Voorheesville district repairs pool, adjusts policies

NEW SCOTLAND — The school closed its pool this month declaring a health and safety emergency, but reopened it this week after a $10,000 repair.

“The pool stopped working,” said Dr. James Franchini, the district’s assistant superintendent for finance and operations, at the January school board meeting.

While classes were on winter break, the head custodian found that the pool filter was broken, Franchini wrote the The Enterprise in an e-mail. The interior pipes of the filter were damaged, and caused sand from the filter to enter the pool, he said.

“After consultation with the State Education Department and our architectural firm, we recommended to the board of education that repairing the broken filtration system was an emergency because it was a health and safety issue,” Franchini wrote. In September, the public had passed a $75,000 project to repair the pool’s filtration system.

“The emergency repair done over the December vacation was not part of the $75,000, voter-approved project,” Franchini wrote. “Unfortunately, the process takes time and the system failed before we could get the work done. The work that was done does involve the same filtration system that the larger project addresses.” 

The pool opened on Jan. 16 for public swim programs, which had been postponed during the closure.

“Our school swim team was relocated for practices and competition during this time,” Franchini wrote. “The cost of the repair and clean-up of the sand that entered the pool was approximately $10,500.”

The larger repair project had been proposed to be done over either the December or the February school break, but Franchini said that a timeline for the work depends State Educational Department approval and the schedule of the company that is awarded the bid to do the work.

Other business

In other business, the school board recently:

— Learned from Superintendent Brian Hunt that there will be no late arrival or early dismissal for students at the high school.
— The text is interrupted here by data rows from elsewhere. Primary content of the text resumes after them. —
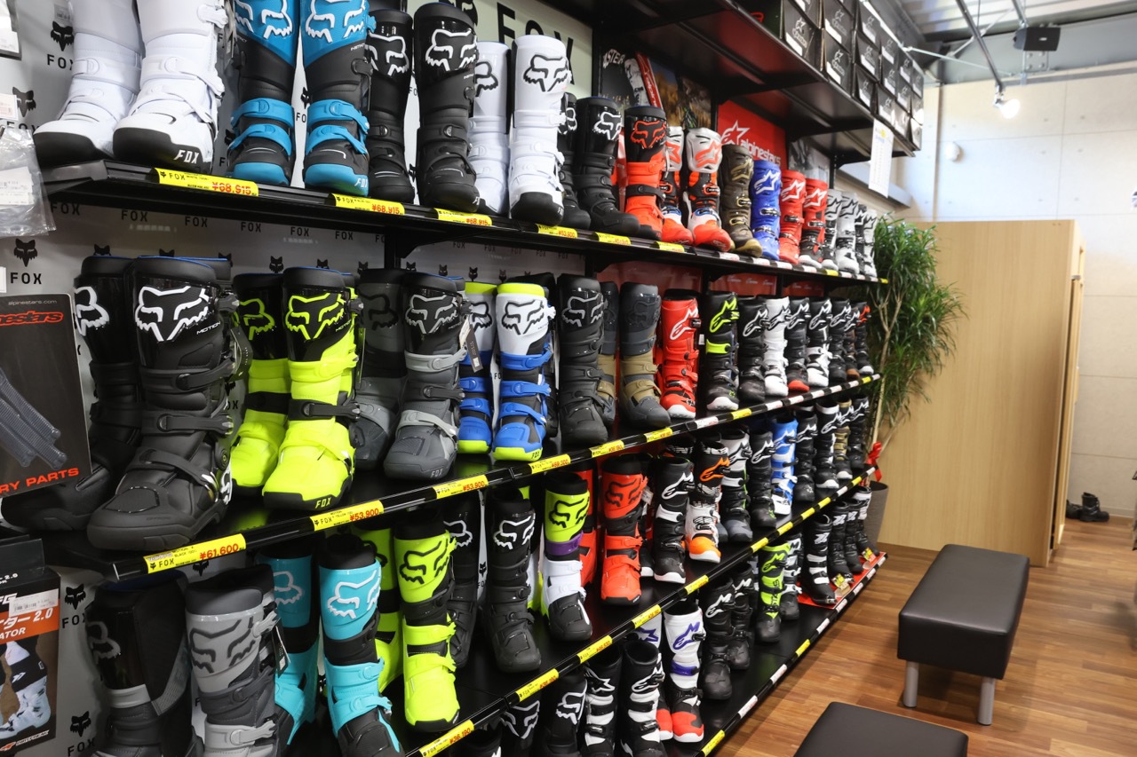 ヘルメットやタイヤ、外装パーツ、ウエア、ブーツなど、充実のラインナップです! キッズやレディース用ラインナップも豊富ですし、詳しいスタッフに相談しながら買い物できるので安心。
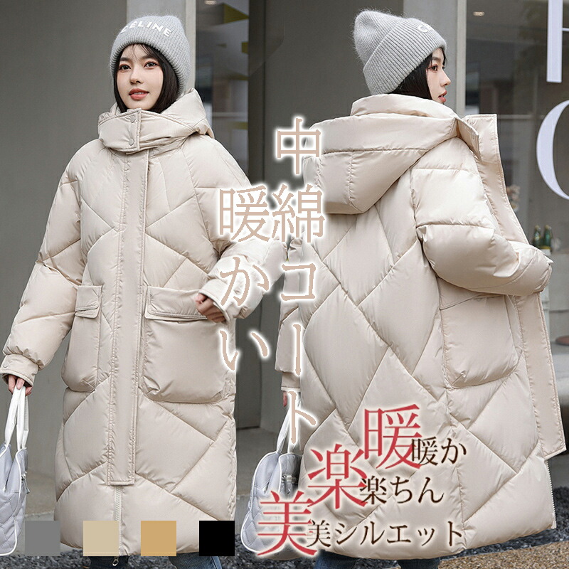 中綿コート レディース コート 冬 50代 きれいめ ロング丈 ロングコート 暖かい 中綿ダウンジャケット 中綿ダウンコート ベンチコート 中綿 フード付き アウター 厚手 通勤 通学 秋冬
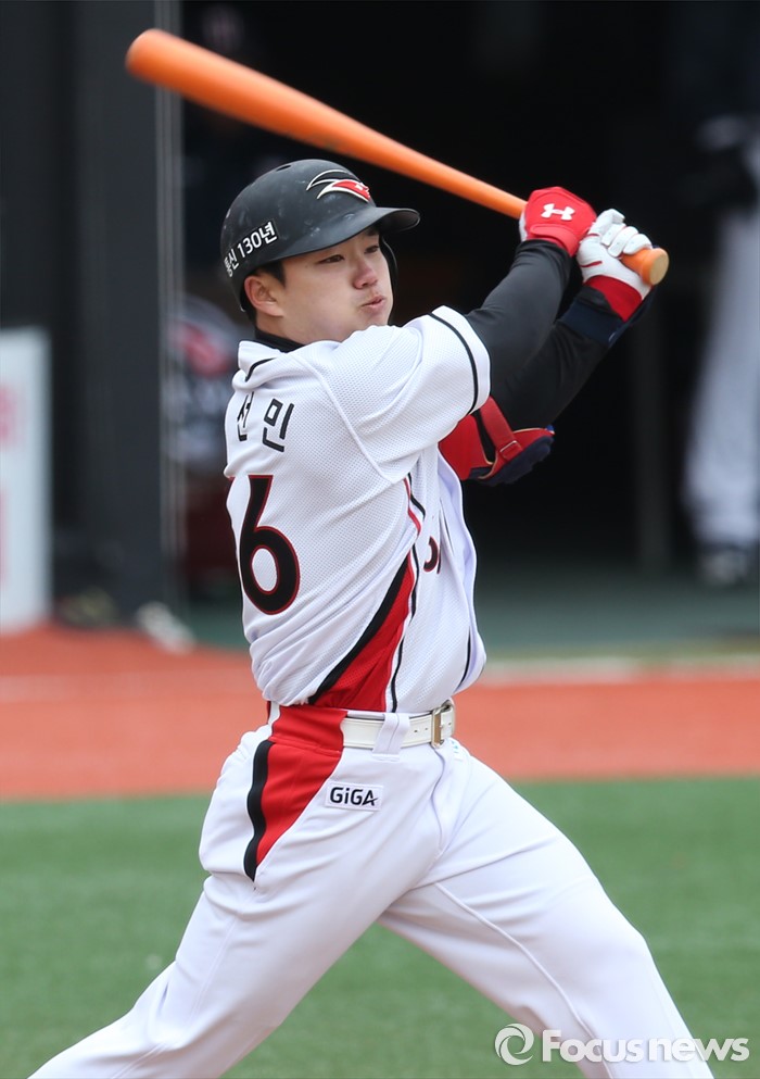 (수원=포커스뉴스) 8일 수원 kt위즈파크에서 열린 2016 KBO리그 시범경기 두산-kt 경기에서 9회 kt 김선민이 타격하고 있다.
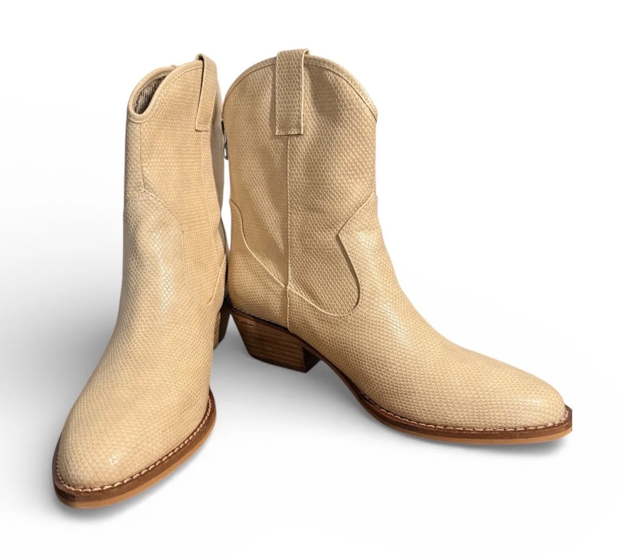 Step out in Western-inspired flair with these chic beige ankle boots. The intricate snakeskin embossing adds a touch of sophisticated texture, while the convenient full-length zippers on the back ensure effortless on and off. A sturdy block heel provides comfortable lift and a flattering silhouette, perfect for transitioning from a casual day out to an evening of fun. Elevate your look for brunch with friends, a country concert, or a stylish weekend getaway. Upper Material: Faux Leather Shoe Shaft Style: Ankle Theme: Cowgirl Lining Material: Fabric Insole Material: Synthetic Keywords: western boots, cowgirl boots, snakeskin print, embossed leather, block heel boots, ankle booties, neutral footwear, zipper boots, fashion boots, casual boots, ranch wear, street style, cowgirl core, nashville, cowgirl chic, cowboy chic
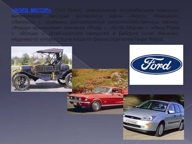 Слайд 33«ФОРД МОТОР» (Ford Motor), американская автомобильная компания, выпускающая легковые автомобили
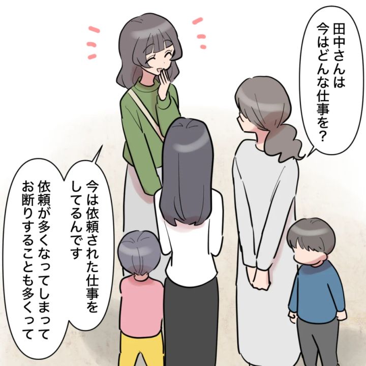 そんな私の予感は残念ながら的中します。田中さんは、新入社員時代から何ひとつ変わっていませんでした。「田中さんは今はどんな仕事を?」ママ友にそう聞かれると、「今は依頼された仕事をしてるんです、依頼が多くなってしまってお断りすることも多くって」と誇らしげに答えます。
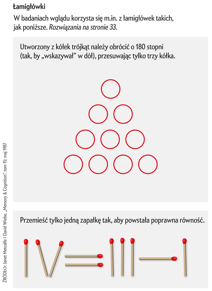 Nie mogliśmy bazować na trudnych łamigłówkach, bowiem aby wyniki były statystycznie istotne, każda osoba powinna rozwiązać wiele problemów. Wykorzystaliśmy więc zadania słowne – złożone odległe skojarzenia (compound remote associate, CRA), które można rozwiązywać wglądem lub analitycznie. Każde zadanie składało się z trzech słów, na przykład „pine”, „crab” i „sauce” (sosna, krab, sos). Rozwiązanie polegało na znalezieniu czwartego słowa, które z każdym z podanych może tworzyć nazwę złożoną lub zrost. Natychmiast po rozwiązaniu łamigłówki badany informował, czy rozwiązanie pojawiło się nagle, czy w wyniku świadomych rozważań. Dzięki temu mogliśmy wyodrębnić efekty „aha!” i porównać towarzyszącą im aktywność mózgu z aktywnością przy rozwiązaniach analitycznych. Rozwiązanie powyższej łamigłówki to „apple”, bo istnieją: „pineapple”, „crab apple” i „sauce apple” (ananas, rajskie jabłuszko, mus jabłkowy).
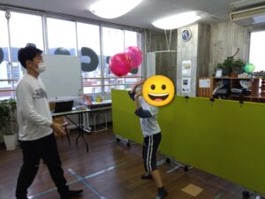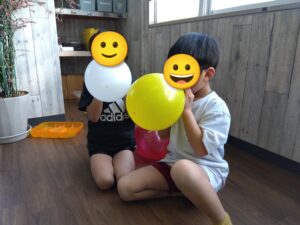 風船膨らませ~♬・・・腹筋に力を入れないと、なかなか膨らますのが難しいのですが、めげずにチャレンジしてました!!

Previously, juniors and seniors with a majority of credits toward graduation were allowed the late and early options.

Hunt said that the district will offer those students additional electives or work-based learning programs. Hunt wrote a letter to students and families about the topic on Jan. 4; the letter is available on the school website.

In his letter, Hunt wrote that students who are not at school for a minimum amount of time per day according to New York State regulations may affect the school’s state aid amount, lowering the amount of money the district could receive;

— Learned that construction on the pedestrian bridge and garage repairs at the elementary school will begin June 27;

— Reviewed changes to its code of conduct policy to modernize language, according to State Education Department recommendations, addressing transgender students. Under the changes, students can use chosen names or pronouns, and the district will provide accommodation for students to the extent possible.

Hunt said that, while the changes were recommended, the district’s attorney warned that changes would be “difficult to sustain.”

One segment of the changed wording reads, “Every student shall have the right to be addressed by a name and pronoun that corresponds to the student’s gender identity. Regardless of whether a transgender or gender nonconforming student has legally changed their name, schools will allow such students to use a chosen name.

“With respect to all restrooms, locker rooms, or changing facilities, to the extent possible, students shall have access to facilities that correspond to their gender identity,” the section concluded.

The description of the language changes at January’s board meeting constituted the district’s first reading of the policy, Hunt said.

Other changes included removing the word, “public,” from a section on inappropriate conduct; and adding the word, “paraphernalia,” in order to prohibit items and actions like e-cigarettes and vaping.